L’histoire politique de la République démocratique du Congo semble s’écrire en boucle, rythmée par un phénomène aussi troublant que récurrent : l’incapacité des leaders à incarner le changement qu’ils promettaient lorsqu’ils étaient dans l’opposition. C’est une énigme qui interroge la sincérité des engagements politiques et la profondeur des convictions des acteurs qui, une fois au pouvoir, reproduisent exactement les pratiques qu’ils dénonçaient avec virulence.

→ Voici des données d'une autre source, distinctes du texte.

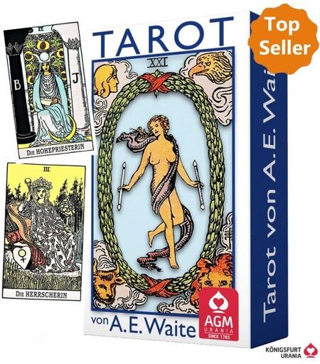 Diese weltweit bekanntesten und beliebtesten Tarotkarten wurden am Anfang des 20. Jahrhunderts von Arthur Edward Waite zusammen mit der Illustratorin Pamela Colman Smith gestaltet. Seitdem sind verschiedene Ausgaben dieses Kartendecks entstanden, mit etwas voneinander abweichender Farbgebung und unterschiedlichen Rückseiten.. Diese Version in der blauen Faltschachtel hat als Kartenrückseite das Rosenkreuz auf blauem Grund. Sie enthält eine Anleitung à 32 Seiten mit Texten von Rachel Pollack u.a. Es gibt sie in den Formatgrößen Standard, Pocket und Mini. Diese Ausgabe ersetzt die angekündigte Miniausgabe der Premium-Reihe (4250375102243), die nicht erscheinen wird. ...
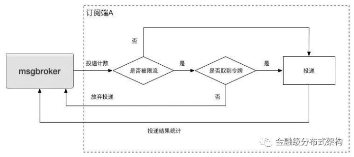 为了解决上述问题,MsgBroker 实现了一种自适应投递限流算法,如下图所示。算法的基本思路就是服务端会不断根据订阅端的消费结果估计订阅端的消费能力,并按照估计出的订阅端消费能力进行限流投递,对于被限流的消息,能够快速失败掉,不必在内存中再停留 10s,同时也无需再执行 DB 更新操作。这样,即保护了订阅端,有利于积压消息的快速消化,也能保护服务端不受订阅端的影响,并进一步降低 DB 的压力。
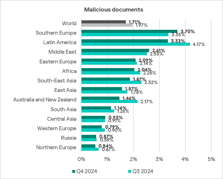 - Malicious documents: 2.2 times higher (surpassing Q3 2024 levels), ranked first by value among the regions.
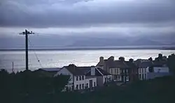 One of the most south-westerly villages in Ireland, Eyeries sits on a bluff overlooking Coulagh Bay and the mouth of the Kenmare River (actually a bay), looking towards the Atlantic Ocean, halfway along the north coast of the Beara Peninsula. It lies at the base of Maulin, which, at 2,044 feet (623 m), is the highest peak in the small Slieve Miskish mountain range.[2] The Eyeries area consists of the townland of the same name, and parts of other nearby townlands, and including the area called Eyeries Beg ("little Eyeries"). It lies near the county boundary between Cork and Kerry.[3] Access is by road, with the village lying east of Allihies and Dursey Island, southwest of Ardgroom, and north of Castletown-Berehaven (Castletownbere), the main local centre.[3] The R571 regional road passes through the area, and the village is just off it. There is a summer-only Bus Éireann service, and private bus companies also serve the area, some year-round.[4]
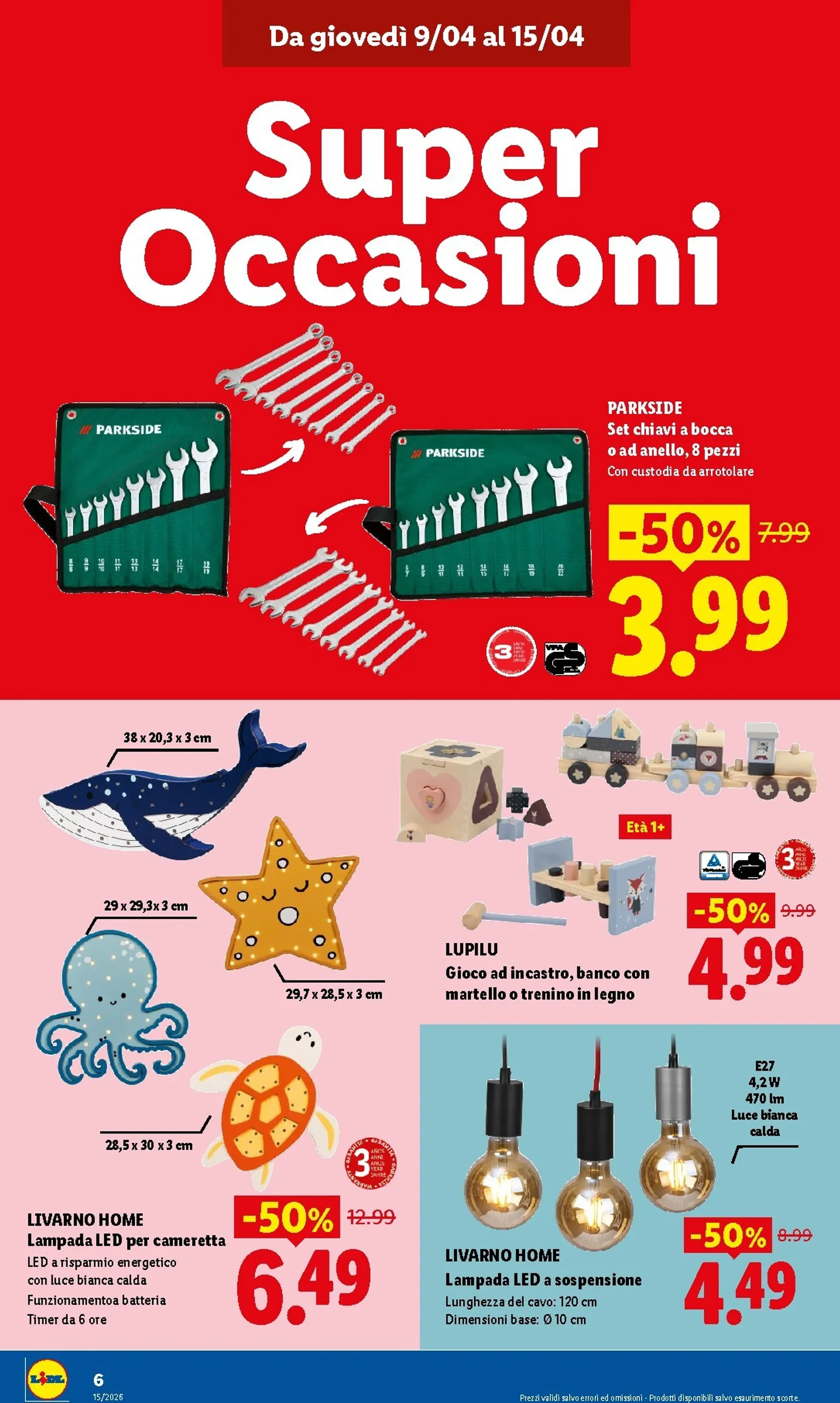 Le “Super Offerte” completano il quadro con prodotti come il cheeseburger Chef Select a 1,69€ e il Kefir Milbona a 0,69€. Per uno snack sano, le mandorle Alesto sono in promozione a 1,99€. Per non perdere nessuna di queste promozioni, consultate attentamente il Lidl Volantino dal 09/04/2026 di questa settimana. Tutte le informazioni e le altre occasioni sono disponibili visitando la pagina del Lidl Volantino.
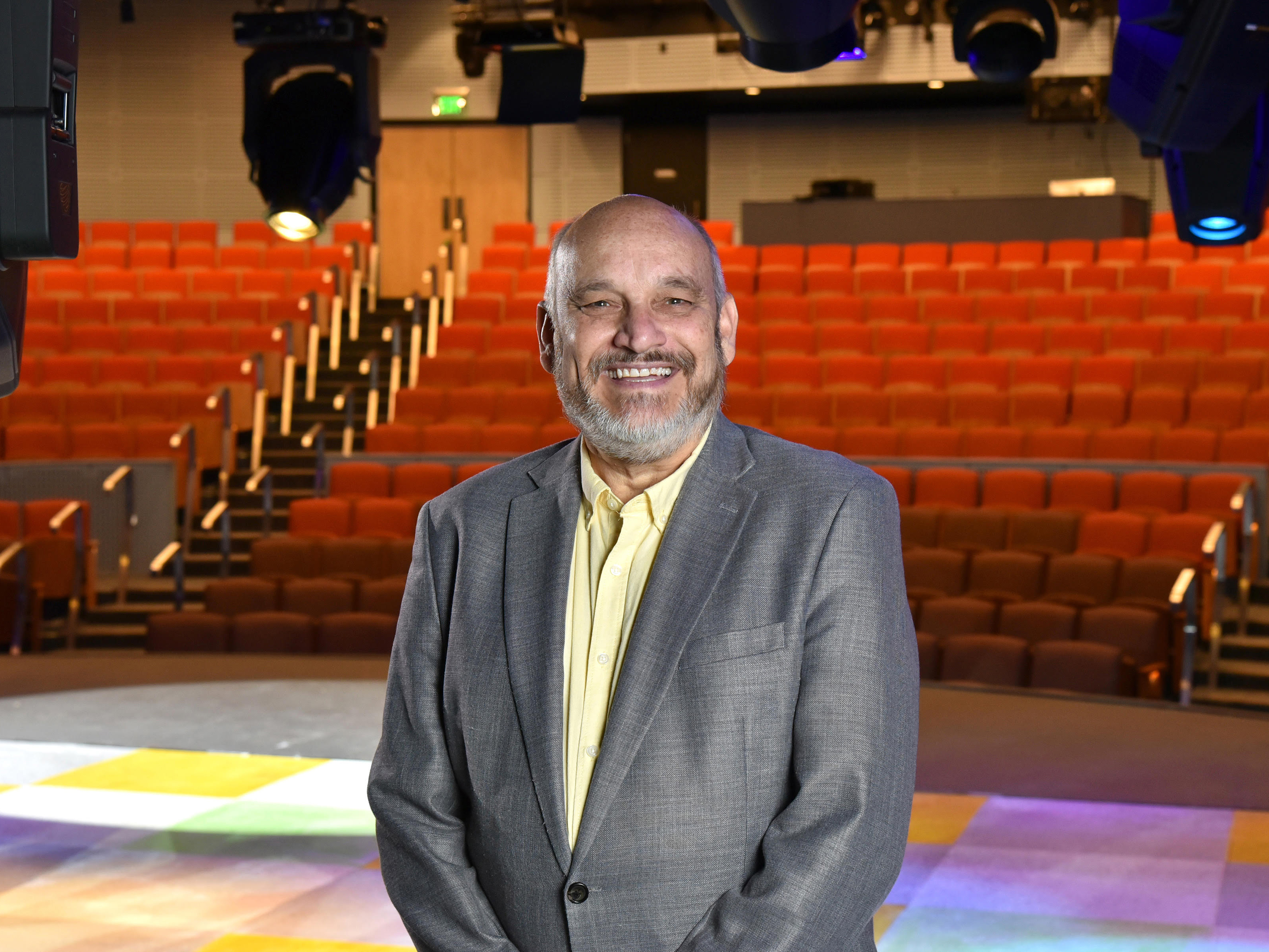 Take a bow -- Brad Korbesmeyer, shown on the stage of Tyler Hall's Waterman Theatre, recently retired from the English and creative writing faculty after nearly three decades of teaching, mentoring and helping build stronger writers.
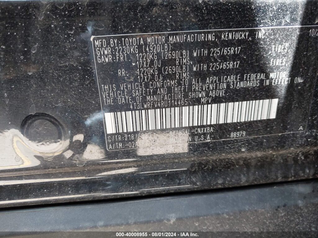 This 2024 Toyota Rav4 Hybrid (Black) comes from a major insurance auction in the USA or Canada. All information on this page is linked to the vehicle’s VIN (4T3LWRFV4RU114465), which helps confirm where the car was listed and what condition it was in at the time of sale.

En RDC, l’opposition est un terrain fertile pour les discours enflammés contre la mauvaise gouvernance, le népotisme, la corruption et la répression des libertés. On y retrouve des hommes politiques qui se posent en redresseurs de torts, dénoncent les abus du pouvoir en place et promettent de gouverner autrement. Pourtant, une fois les rênes du pouvoir entre leurs mains, ils semblent frappés d’amnésie. Les pratiques qu’ils fustigeaient deviennent les leurs : clientélisme, musellement des voix discordantes, accaparement des ressources publiques… Une véritable métamorphose qui jette le discrédit sur la classe politique.
Dans ce cycle de reniement et de trahison, une catégorie de la population paie un prix particulièrement élevé : les jeunes militants, inféodés et fanatisés par les leaders politiques. Ils sont les premiers à descendre dans la rue, à affronter la répression, parfois au péril de leur vie, dans l’espoir d’un changement réel. Leur engagement est sincère, leur combat, souvent héroïque. Mais quand vient le temps du partage du gâteau, ils sont les premiers à être oubliés.
Nombreux sont aujourd’hui jetés dans les oubliettes, abandonnés à leur triste sort par ceux qu’ils ont contribué à porter au sommet. Certains croupissent en prison, d’autres survivent dans la précarité, regardant avec amertume ceux qu’ils soutenaient hier s’installer confortablement dans les allées du pouvoir. Ce mépris pour le sacrifice des jeunes militants illustre une fois de plus l’opportunisme qui gangrène la classe politique congolaise.
Ce paradoxe s’explique en partie par la nature du système politique congolais, où l’accès au pouvoir s’accompagne de privilèges et d’une logique de prédation bien ancrée. Même les figures les plus engagées finissent par être happées par les réalités d’un État construit sur des bases patrimoniales. Le régime politique, plus fort que les hommes qui l’animent, a cette capacité redoutable d’absorber et de transformer ses adversaires en parfaits continuateurs des anciennes pratiques.
Face à ce cycle infernal, le peuple congolais oscille entre espoir et résignation. Chaque alternance suscite l’enthousiasme, avant que ne revienne le sentiment de trahison. Cette situation ne pourra perdurer éternellement. L’avenir du pays repose sur l’émergence d’une génération de dirigeants qui ne se contenteront pas de dénoncer le système, mais qui s’emploieront réellement à le réformer une fois au pouvoir. Car ce n’est qu’à cette condition que la RDC pourra briser cette malédiction politique et amorcer un véritable changement.
L’histoire jugera sans complaisance ceux qui, hier, promettaient la rupture et qui, aujourd’hui, s’accommodent des travers qu’ils condamnaient. Mais elle retiendra aussi ceux qui auront osé inverser la tendance et redonner leur place aux jeunes qui ont sacrifié leur avenir pour le rêve d’un Congo meilleur.